Haider confirmed that two or three district delegates were left off the ballot because they missed paperwork deadlines, but said, “There was nothing that we could do.”

“I spoke with the Sanders campaign. They said they were not in the position to approve them if they did not submit everything by the deadline,” he said.

Three other Sanders supporters had submitted their paperwork on time but the party office lost it, so party staff worked with the campaign and they still got on the ballot, he said.

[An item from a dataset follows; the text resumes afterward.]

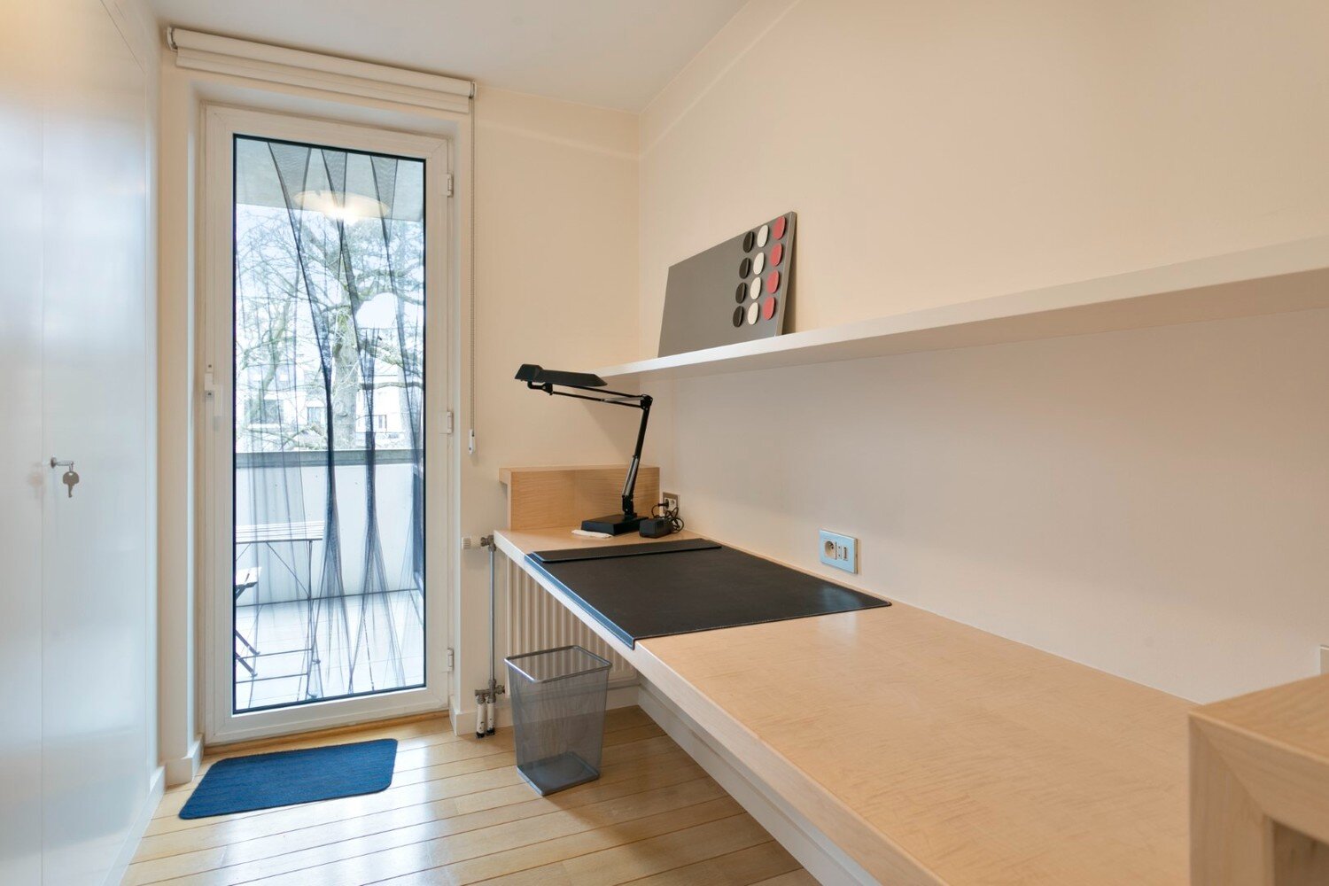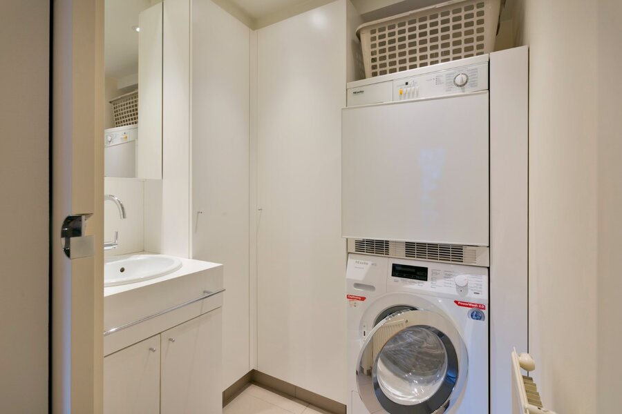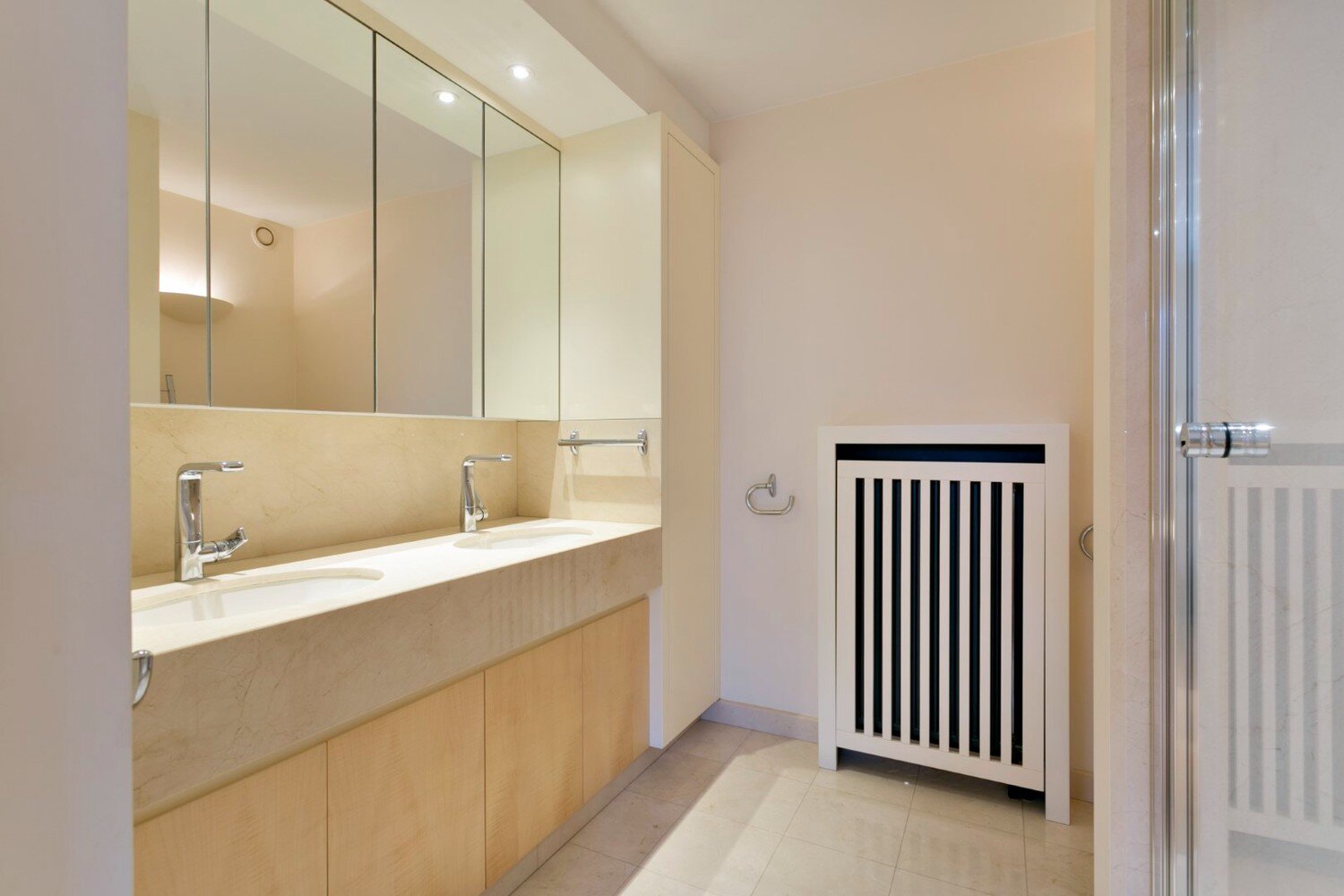 De eerste slaapkamer en het bureau hebben toegang tot het terras, waar het heerlijk vertoeven is. Beide slaapkamers zijn uitgerust met ingebouwde kasten en een tweepersoonsbed. Ook de aparte bureauruimte werd praktisch ingericht, met het oog op voldoende opbergmogelijkheden. Aan de master bedroom grenst de badkamer. Deze badkamer heeft een dubbele lavabo, douche en toilet.

Following are the North Dakota delegates to the Democratic National Convention

For Bernie Sanders:

  • District level: Jeffrey Eide, Emily Kimball, Andrew Laverdure, Haleah Laverdure, Michael Lopez, Kelsey Parton (alternate), Aruna Seth, Vinod Seth, Brannon Sever, Jamie Stewart
  • At-large: Robert Haukenberry, Kevin Kautzman, Kevin Tengesdal
  • Pledged Party Leader and Elected Official (“PLEO”): Carol Sawicki

For Hillary Clinton:

  • District level: Nikki Berg Burin, Bernie Erickson (Alternate), Sterling Reed, Katherine Satrom
  • At-large: Cesareo Alvarez, Jr.
  • Pledged PLEO: Becky Ronkowski

Dem-NPL chair Kylie Oversen, a superdelegate and state representative from Grand Forks, said in a statement that the party’s message of bringing people together is in stark contrast with GOP presumptive nominee Donald Trump’s “brand of exclusion and division.”
“In that light, we are proud that our delegates elected the most diverse Democratic National Convention delegation that we’ve ever seen,” she said.